COVID-19 (SARS-CoV-2) is a persistent and aggressive pandemic, with over ~260 million cases to date and more than ~5 million deaths thus far globally. While vaccination can be effective not all patients are able to respond to vaccination (such as the elderly or immuno-compromised). Critically, asymptomatic patients who display no viral symptoms are capable of being highly contagious and represent a significant danger of spread of the virus. Therefore, there is an urgent need for new drugs, post-exposure prophylaxis drugs (PEPs), targeting COVID-19 at the either early or asymptomatic phase of the disease to combat the spread of the virus and the severity of the disease or at later stages to relieve disease severity. This is particularly important for those at most risk such as the health care works and the elderly within our community. Additionally, emergent strains with a variety of new mutations represent a challenging difficult for vaccine development.

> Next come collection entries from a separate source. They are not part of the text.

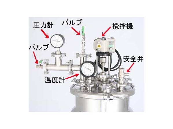 部品 可変式攪拌機(100V、45W)、安全弁、ボールバルブ、連成計、直結型温度計、バブリング、バッフル板、のぞき窓、流入管
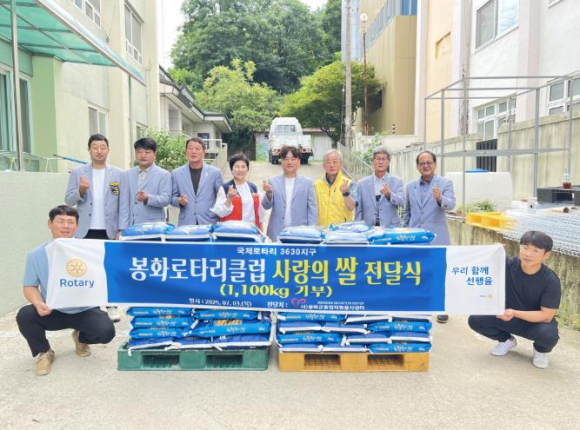 국제로타리 3630지구 봉화군로타리클럽은 지난 3일 (사)봉화군종합자원봉사센터에서 ‘사랑의 쌀 나눔 전달식’ 행사를 진행했다.이번에 나눔한 사랑의 쌀은 제46·47대 봉화군로타리클럽회장단 이·취임식에서 받은 쌀화환 1,100kg(300만원 상당)을 지역 내 독거노인, 장애인 등 복지사각지대 이웃에게 전달한 것이어서 더욱 의미가 깊다.원준석 봉화군로타리클럽 회장은 “취임 축하 의미로 보내주신 쌀이 어려운 이웃을 위해 도움이 되길 바라며, 앞으로도 지역사회를 위해 봉사하며 노력하는 단체로 자리매김하도록 최선을 다하겠다.”라고 밝혔다.김병남 (사)봉화군종합자원봉사센터 이사장은 “어려운 경제상황 속에 도움을 주신 로타리클럽 회원분들께 깊은 감사를 드린다.”며 “복지사각지대 이웃을 위해 소중히 전달될 수 있도록 하겠다.”라고 전했다.
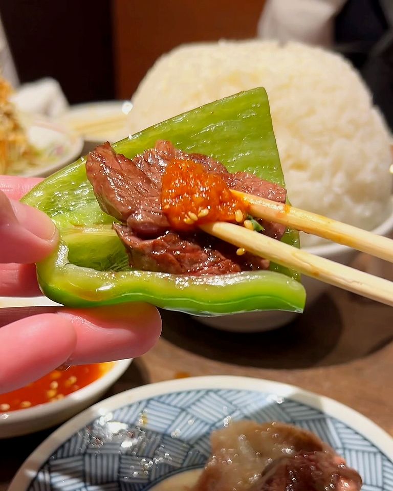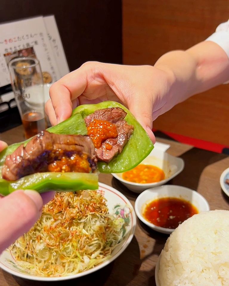 ここはサンチュの代わりに冷えたピーマンで食べるんですが、これが美味しいんです!トマトで食べるのもおすすめです!ピーマンやトマトのさっぱり感とジューシーなお肉の相性はバツグンです。
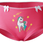 Meiteņu biksītes izgatavotas no mīksta elastīga kokvilnas auduma. Apmales ir no mīkstas gumijas. Kreiso pusi rotā sirds motīvs ar logotipu.
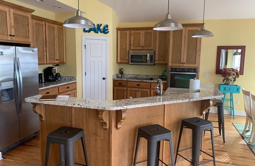 This 3 bedroom, 2 bath home is located on Cowan Creek at Weiss Lake in Northeast Alabama. The fully furnished home features spectacular views of the lake and surrounding mountains. Cowan Creek is a favorite location for wake boarding, kayaking, paddle boarding, water skiing, and fishing. The master bedroom is furnished with a queen size bed. There are twin beds in each of the other two bedrooms. And, there are twin beds in the loft. The great room also has a sleeper sofa. Towels and linens are provided. The kitchen is fully furnished and there is a washer/dryer in the laundry room. The home also has internet access (wifi), high-definition satellite TV and DVD player. There is a parking pad for a boat trailer or small RV and adequate parking for two additional vehicles in the driveway (garage is used for owner storage and is not accessible). The home has two exterior security cameras and one interior camera (which can be turned off for privacy).. The deck has adirondack chairs, and table with chairs. A gas grill is also available. There is a concrete walk down to the dock which has a power outlet for boat charges or other equipment and a fish cleaning station (the dock does not have lights). There are chairs on the dock. Located on a natural point, the dock is a great area for swimming, with a ladder provided. In addition to the deck off the back of the house, there is a sitting area closer to the lake with a pergola and incredible views of the lake and surrounding mountains. Boats can be launched nearby at Cowan Creek Resort or Roosters; both are less than one mile away. There are many scenic areas and trails nearby, most notably Little River Canyon National Preserve and Cherokee Rock Village. Canoe and kayak trips on Terrapin Creek is also a popular nearby outing. There are two nesting pairs of Bald Eagles on Cowan Creek; Herons and Egrets are common sightings along with other water fowl. Migrating pelicans can be seen on the lake from late October into January.
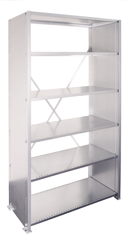 Vollblech-Seitenwand, Max. Feldlast 1000 kg: Standard mit Dreieck-Abkantung vorne. Schlitzteilung 25 mm, zum Einhängen der Bodenträger. Inklusive Fussplatten-Set, verzinkt. Ausführung: Stahlblech. Farbe: gemäss Farbkarte oder verzinkt.
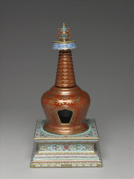 藏式塔,分段燒成後黏合。湖綠寶瓶頂,淺藍地朵雲紋寶蓋;塔身為磚紅地描金番蓮紋及朵花紋,並繪獸面與瓔珞紋,龕門以卷葉紋框邊,龕底飾蓮瓣紋;須彌方座,飾湖藍色地彩繪卷枝朵花紋,轉折飾蓮瓣紋,下緣仿繪如意雲足;座足底露胎,塗護胎汁,底內凹施湖綠釉,中央有孔上方下圓,可見圓形湖綠釉塔底。
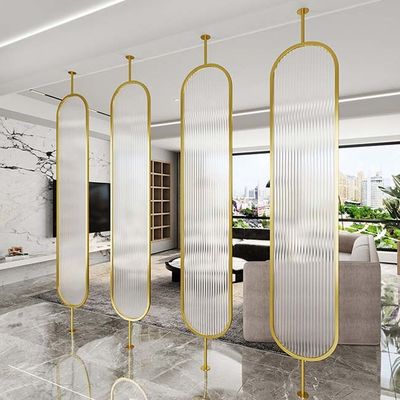मोरू ग्लास के साथ ओवल शेप गोल्ड कलर स्टेनलेस स्टील स्क्रीन पार्टीशन
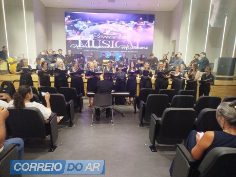 A programação contou com apresentações do Coral Municipal, do Coral Vozes Femininas e da Banda Sinfônica, proporcionando uma noite especial marcada pela sensibilidade, talento e valorização da cultura.
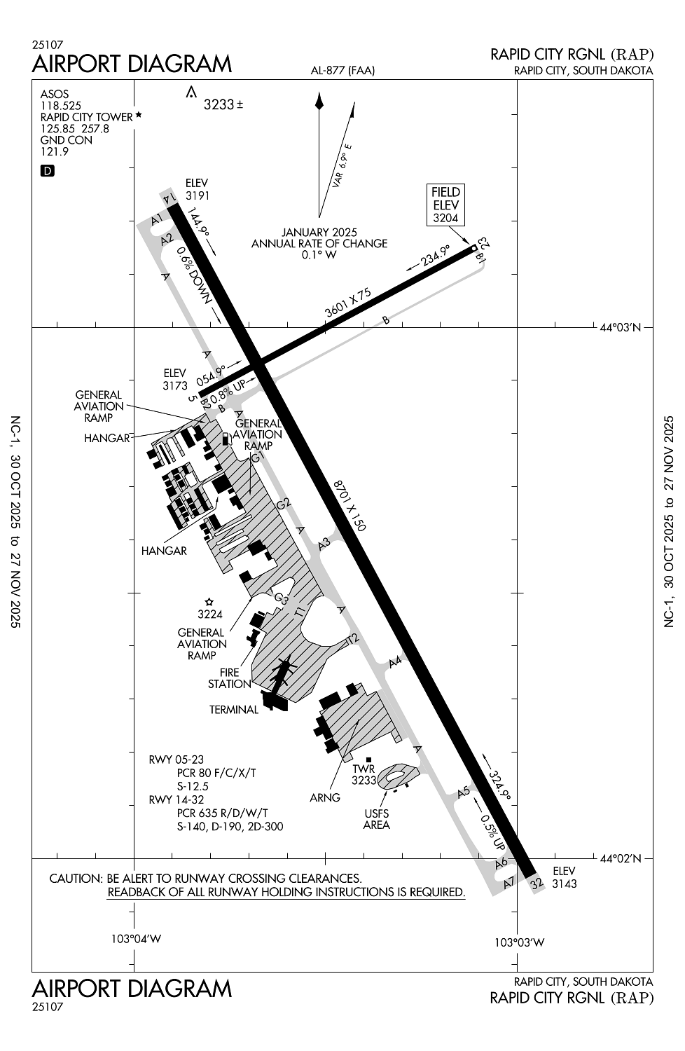 METAR KRAP 050852Z AUTO 33005KT 10SM CLR 01/M04 A2976 RMK AO2 SLP099 T00061044 58001

Epigenetic Enzymes, Erasers and Writers, are moving toward the forefront of drug development for a plethora of diseases due to the plasticity and reversible nature of epi-therapeutics. Importantly, the combinatorial epigenetic codes or signatures laid down by these enzymes within the highly modifiable amino-terminal tails of histones eloquently regulates gene expression programs. Recent exciting findings show that these codes extend to non-histone proteins critical for protein stability of critical cellular factors.
My laboratory has been at the forefront of developing epi-based therapeutics. In this talk, I will present how we are harnessing this expertise to unravel the interplay between the epigenome and SARS-Cov-2 infection. Importantly, addressing potential novel opportunities for drug development for COVID-19.